Exercise: Range to copy from the entries below: the line containing "10月25日 04:04頃、グアムのMerizo Villageから南南西125kmの地点でM5.1の地震がありました。" through the line containing "Wireworldovi kabli za", inclusive. Retype only those lines, exactly, without any images.

[Stored items from a collection]

Start of Block

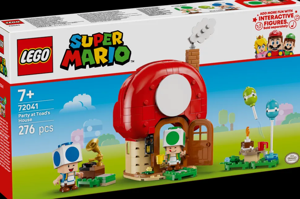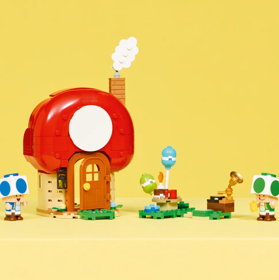 - Nå er det fest – Toad-huset rommer kjøkken og soverom (med et veggmaleri av slottet til Peach) og møbler som kan flyttes på, og settet inkluderer også et piknikbord, en platespiller og festtilbehør
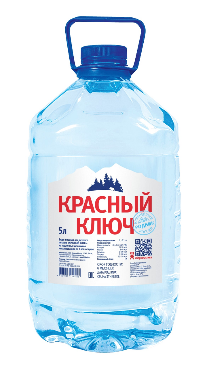 Вода Красный ключ питьевая негазированная от 3х лет и старше, 5л
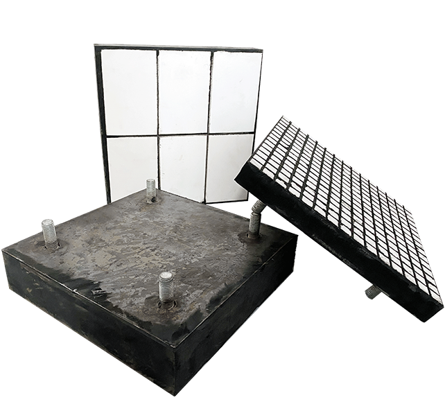即陶瓷和橡膠二合一板,將特殊的陶瓷片通過(guò)硫化工藝嵌入特種橡膠內(nèi),形成方形的耐磨橡膠陶瓷復(fù)合體,然后通過(guò)焊接或粘貼固定在設(shè)備的內(nèi)殼鋼板上,以形成堅(jiān)固而緩沖的耐磨層。
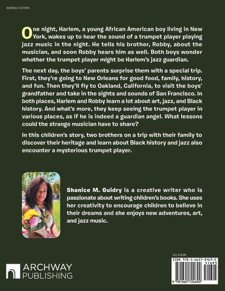One night, Harlem, a young African American boy living in New York, wakes up to hear the sound of a trumpet player playing jazz music in the night. He tells his brother, Robby, about the musician, and soon Robby hears him as well. Both boys wonder whether the trumpet player might be Harlem's jazz guardian. The next day, the boys' parents surprise them with a special trip. First, they're going to New Orleans for good food, family, history, and fun. Then they'll fly to Oakland, California, to visit the boys' grandfather and take in the sights and sounds of San Francisco. In both places, Harlem and Robby learn a lot about art, jazz, and Black history. And what's more, they keep seeing the trumpet player in various places, as if he is indeed a guardian angel. What lessons could the strange musician have to share? In this children's story, two brothers on a trip with their family to discover their heritage and learn about Black history and jazz also encounter a mysterious trumpet player.
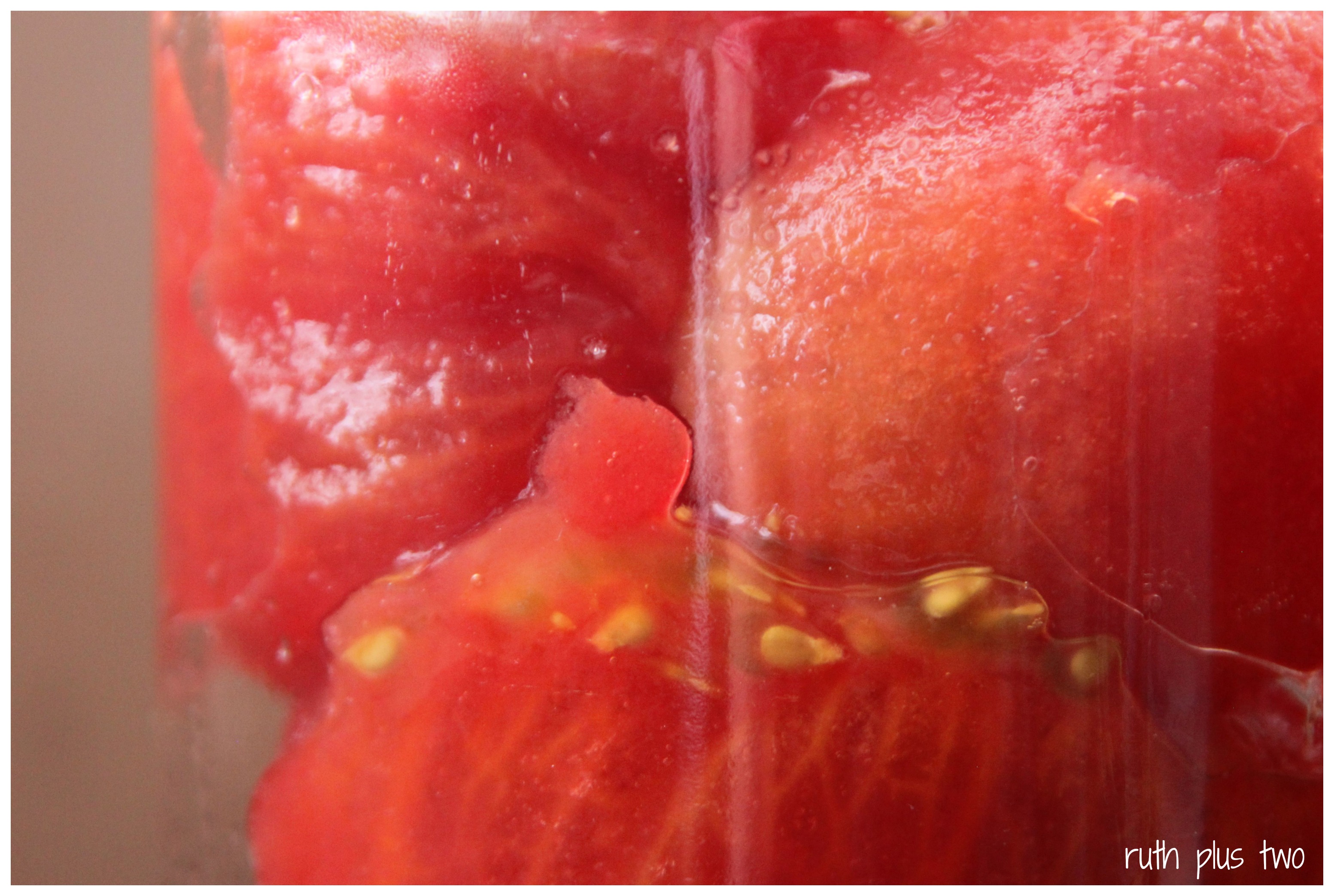 I love the pretty patterns which form as the tomatoes press against the glass.
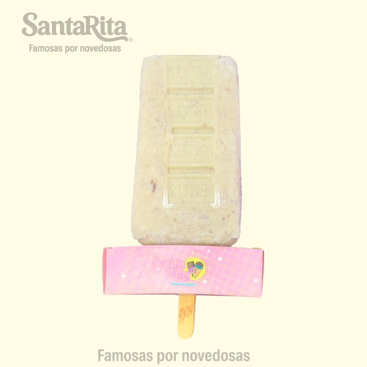 Paleta de crema inspirada en la icónica barra Hershey’s® Cookies & Cream, elaborada con una base cremosa de vainilla, trozos de galleta de chocolate y una barra completa del famoso chocolate incrustada en la paleta. En Santa Rita la convertimos en una experiencia premium con ingredientes de primera calidad.
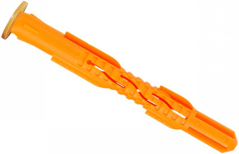Изготовлен из морозостойкого полипропилена, что обеспечивает его долговечность и устойчивость к низким температурам. Дюбель не требует предварительной установки шурупа или крепежа внутри. Подходит для монтажа в материалы, включая легкий бетон, кирпич и пустотелые блоки.
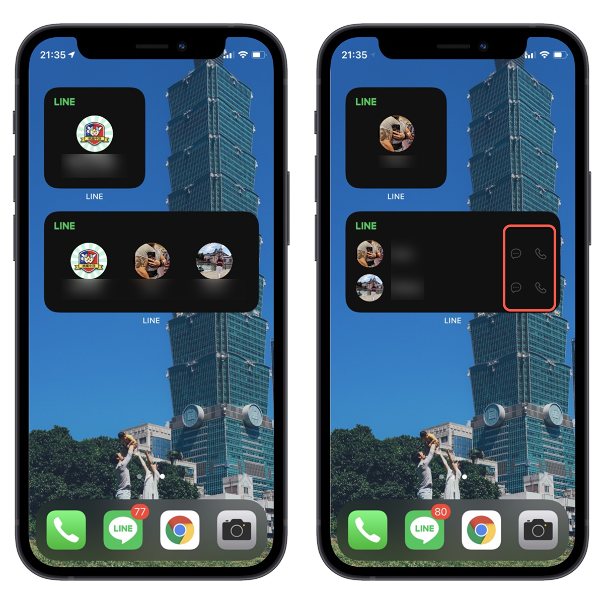 2x2 大小的主要顯示一個聯絡人,而 4x2 就有點不同了,一次最多顯示四個常用的聯絡人捷徑,但如果超過 2 個以上的話,就是會以圖示顯示,但如果只有二個或以下,會看到排列成上下,後方還會有訊息跟通話的圖示,所以最實用就是設定二個人以下,給大家參考一下。
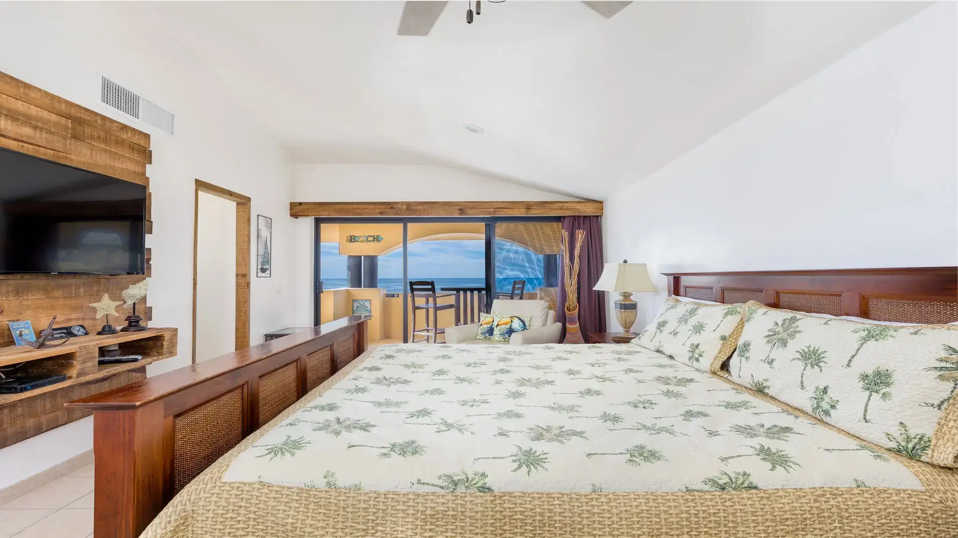 Note: This video showcases the full 3-bedroom layout of E501. This listing features the second-floor master bedroom and the main-level Pineapple Room overlooking the beach and ocean. Need additional sleeping space? View the 3-Bedroom Layout .
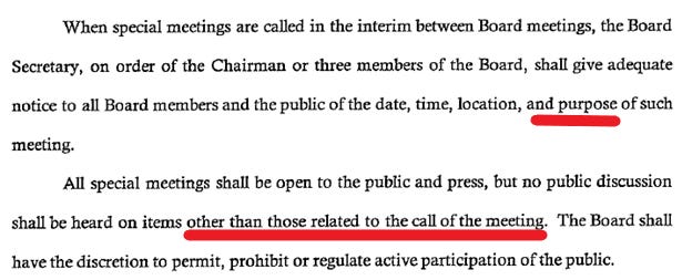 Regarding the purpose of the meeting, it should be noted that the Bylaws indicate a Special Meeting should have a limited purpose that is revealed to Members and the public. It is specifically stated in the Bylaws that the public will only be allowed to address the topic for which the meeting was called. Which suggests that the Board would know what the topic is an inform the public of same.
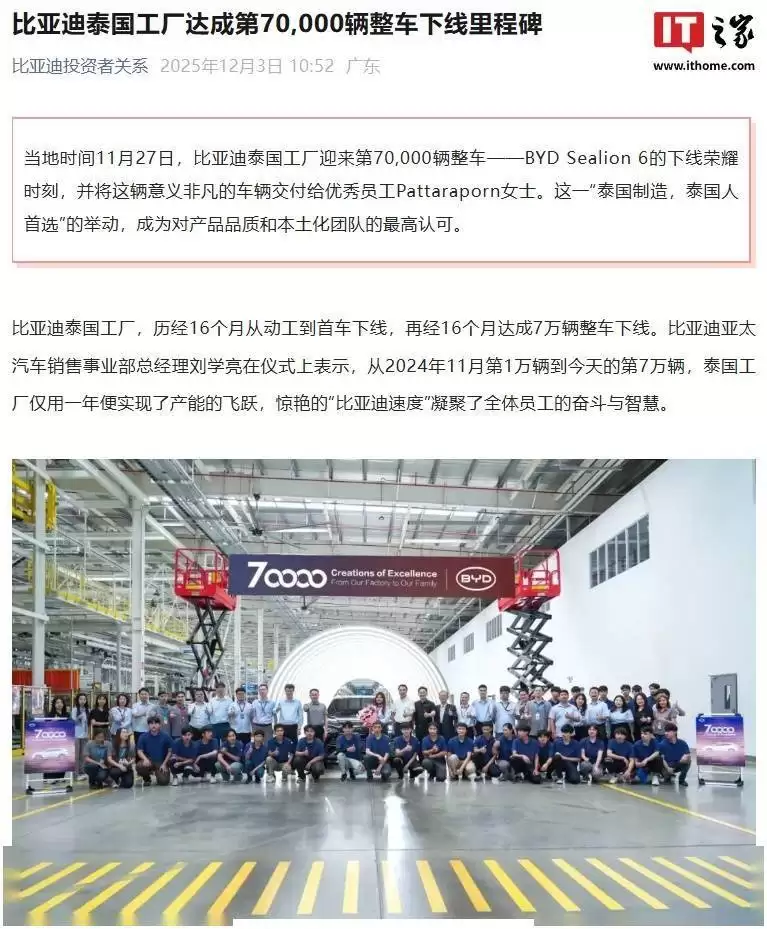 比亚迪榜首泰国工厂投产:16个月7万辆整车下线 全球化战略提速
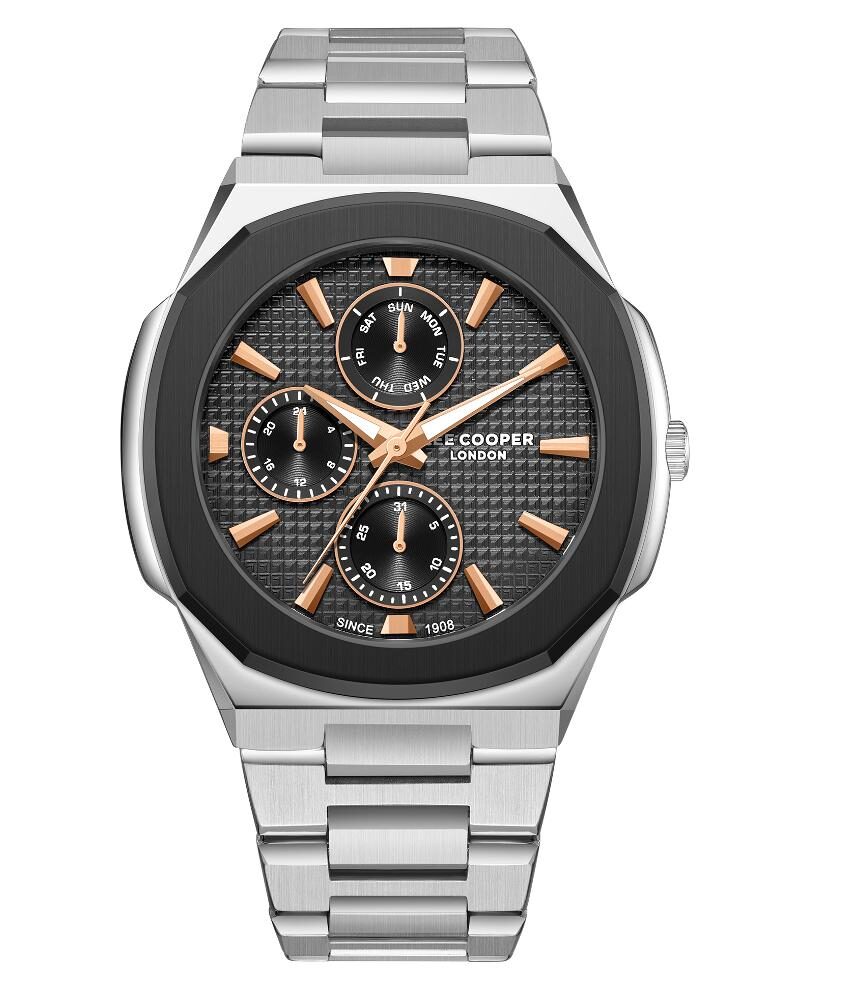 Lee Cooper LC08047.360 je muški analogni multifunkcijski ručni sat elegantnog dizajna. Odlikuje se srebrnim metalnim kućištem i remenom od nehrđajućeg čelika, crnim brojčanikom, te VX7NE1 mehanizmom. Sat je vodootporan do 50 metara što ga čini idealnim za svakodnevno nošenje i casual stilove.
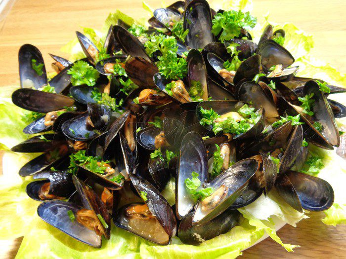 Залить мидии соусом и посыпать рубленой зеленью петрушки. Подавать на блюде, используя листья салата в качестве подложки.
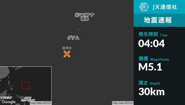 10月25日 04:04頃、グアムのMerizo Villageから南南西125kmの地点でM5.1の地震がありました。
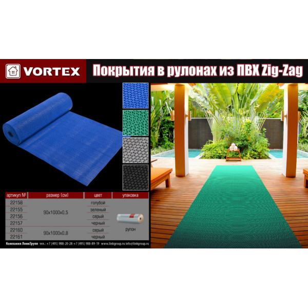 Противоскользящий коврик ПВХ Vortex Zig-Zag 8 мм 0,9х10 м черный 22161
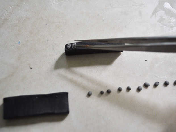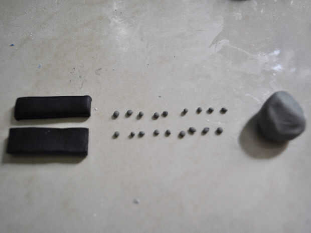 Hacer un montón de bolas de arcilla gris. Va a ser a los pies de la IC. (ver imagen 3)
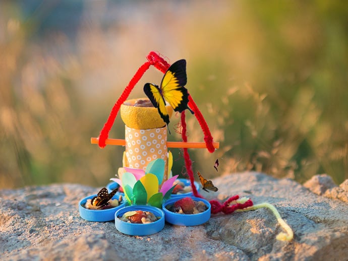 ¿Amas las mariposas? Atráelas creando su propio oasis. Junto con otros suministros como limpiapipas, hilados y algunas frutas secas en tapas de botellas, tendrán su propio pedacito de cielo en tu patio trasero.
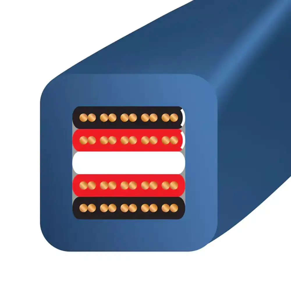 Wireworldovi kabli za avdio zvočnike imajo patentirano zasnovo DNA Helix, ki je bila zasnovana za zmanjšanje elektromagnetne izgube. Vrhunska zasnova in najkakovstnejši materiali jasno ovržejo splošno prepričanje, da žica zvočnika potrebuje le večji premer. Zvočniški kabli Wireworld vam bodo omogočili vznemirljivo izkušnjo poslušanja. Cilj Wireworldove patentirane kabelske tehnologije DNA HELIX je omogočiti poslušalcem, da doživijo svojo glasbo brez izgub in obarvanosti, ki jih običajno povzročajo kabli. Poligrafsko testiranje kaže, da so primarni zvočni učinki kablov posledica elektromagnetnih učinkov. Učinek, imenovan upor vrtinčnega toka, ki se poveča, ko se niti zvijajo, je še posebej problematičen, ker prikrije tihe glasbene podrobnosti. Za premagovanje teh težav so verige v zasnovah DNA HELIX popolnoma vzporedne, kar zagotavlja najbolj neposredno signalno pot za najmanjši upor vrtinčnih tokov. Ti vzporedni prameni potekajo znotraj ploščatih vodnikov, ki usmerjajo elektromagnetno energijo in zavračajo motnje. Poleg tega je v analognih kablih razmik med pozitivnimi in negativnimi vodniki natančno nastavljen na uho, da se ujema s čistim zvokom neposredne povezave. Učinek tega uglaševanja je kot fokusiranje leče, s čudovitimi teksturami in dinamiko glasbe v živo, ki pridejo v živo 3-D izostritev, ko je razmik ravno pravi.
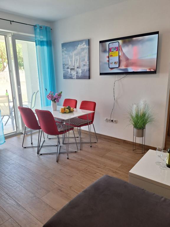 A Villa Tea hat szállásegységből áll. Az apartmanokban egy vagy két hálószoba, fürdőszoba, nappali konyhával és étkezővel, valamint terasz található, ahonnan gyönyörű kilátás nyílik a tengerre. Az apartmanok teljesen felszereltek. Minden apartman saját parkolóhellyel, ingyenes Wi-Fi-vel és légkondicionálóval rendelkezik. A legközelebbi homokos Slanica strand mindössze öt percre található a szálláshelytől. Ha viszont szeret sétálni azon az ösvényen, amelyen a fenyőágak lógnak, és kellemessé teszik a sétát, akkor Slanicától körülbelül tíz percre található a gyönyörű türkiz színű Podvrška strand. A közelben bolt található, a városközpont pedig mindössze 15 percnyire van. Ha teheti, melegen ajánljuk, hogy látogassa meg a Kornati és a Krka folyó nemzeti parkját, a Zrmanja folyó kanyonját, valamint a Vrana-tó és a Telaščica natúrparkokat.
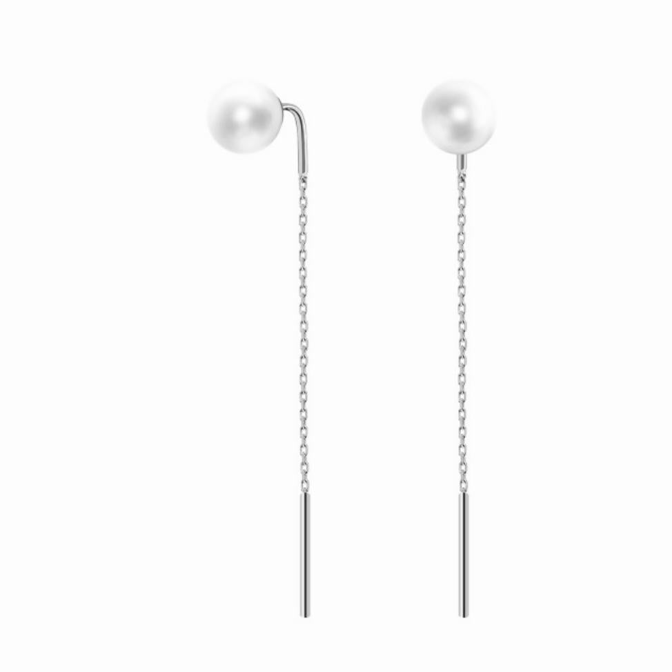925 Sterling Silver Thread Earrings with Pearls
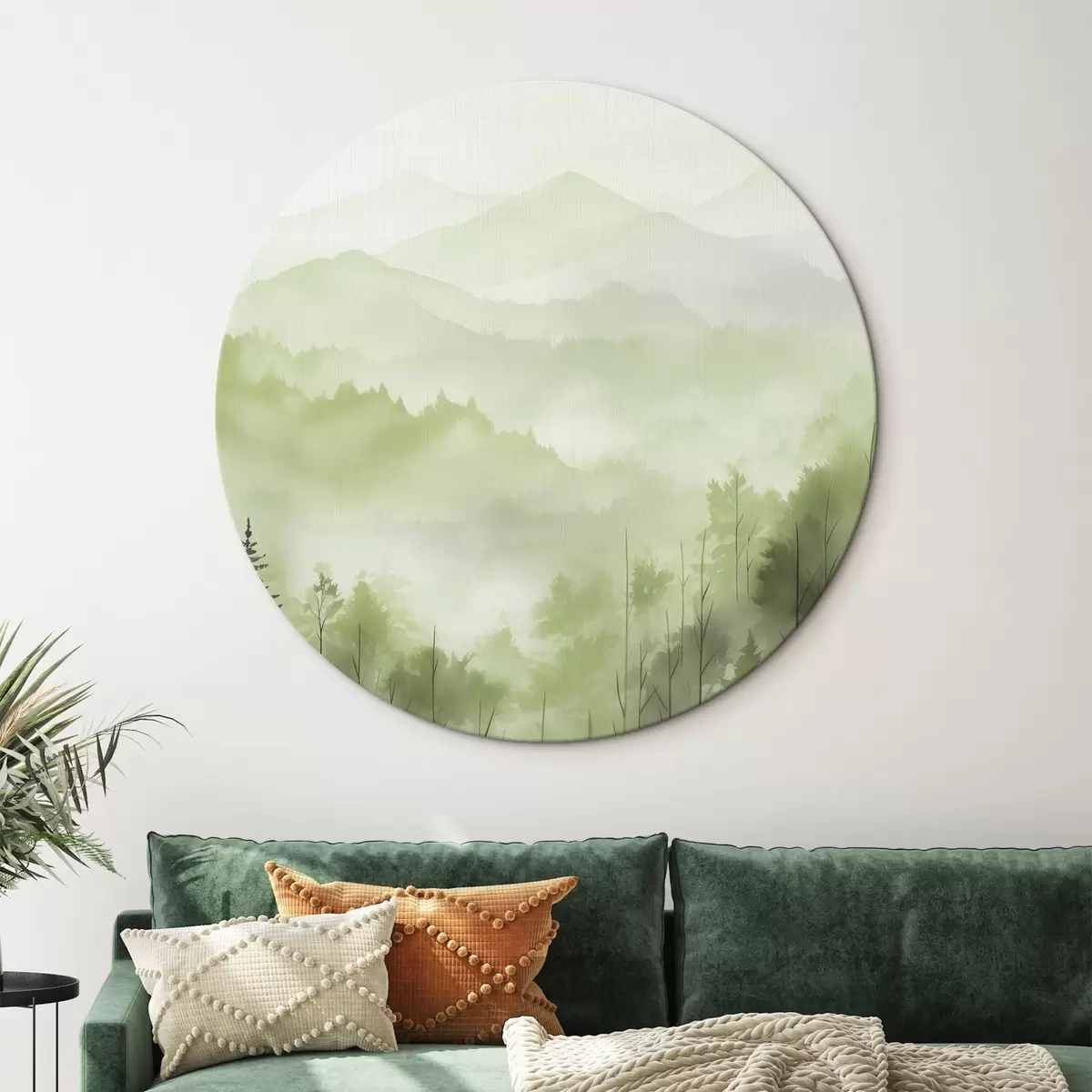 Кругла картина Гори з лісовим пейзажем, зелені кольори, акварельний стиль Nr r44606

End of Block

Answer to this exercise:
 10月25日 04:04頃、グアムのMerizo Villageから南南西125kmの地点でM5.1の地震がありました。
 Противоскользящий коврик ПВХ Vortex Zig-Zag 8 мм 0,9х10 м черный 22161
 Hacer un montón de bolas de arcilla gris. Va a ser a los pies de la IC. (ver imagen 3)
 ¿Amas las mariposas? Atráelas creando su propio oasis. Junto con otros suministros como limpiapipas, hilados y algunas frutas secas en tapas de botellas, tendrán su propio pedacito de cielo en tu patio trasero.
 Wireworldovi kabli za avdio zvočnike imajo patentirano zasnovo DNA Helix, ki je bila zasnovana za zmanjšanje elektromagnetne izgube. Vrhunska zasnova in najkakovstnejši materiali jasno ovržejo splošno prepričanje, da žica zvočnika potrebuje le večji premer. Zvočniški kabli Wireworld vam bodo omogočili vznemirljivo izkušnjo poslušanja. Cilj Wireworldove patentirane kabelske tehnologije DNA HELIX je omogočiti poslušalcem, da doživijo svojo glasbo brez izgub in obarvanosti, ki jih običajno povzročajo kabli. Poligrafsko testiranje kaže, da so primarni zvočni učinki kablov posledica elektromagnetnih učinkov. Učinek, imenovan upor vrtinčnega toka, ki se poveča, ko se niti zvijajo, je še posebej problematičen, ker prikrije tihe glasbene podrobnosti. Za premagovanje teh težav so verige v zasnovah DNA HELIX popolnoma vzporedne, kar zagotavlja najbolj neposredno signalno pot za najmanjši upor vrtinčnih tokov. Ti vzporedni prameni potekajo znotraj ploščatih vodnikov, ki usmerjajo elektromagnetno energijo in zavračajo motnje. Poleg tega je v analognih kablih razmik med pozitivnimi in negativnimi vodniki natančno nastavljen na uho, da se ujema s čistim zvokom neposredne povezave. Učinek tega uglaševanja je kot fokusiranje leče, s čudovitimi teksturami in dinamiko glasbe v živo, ki pridejo v živo 3-D izostritev, ko je razmik ravno pravi.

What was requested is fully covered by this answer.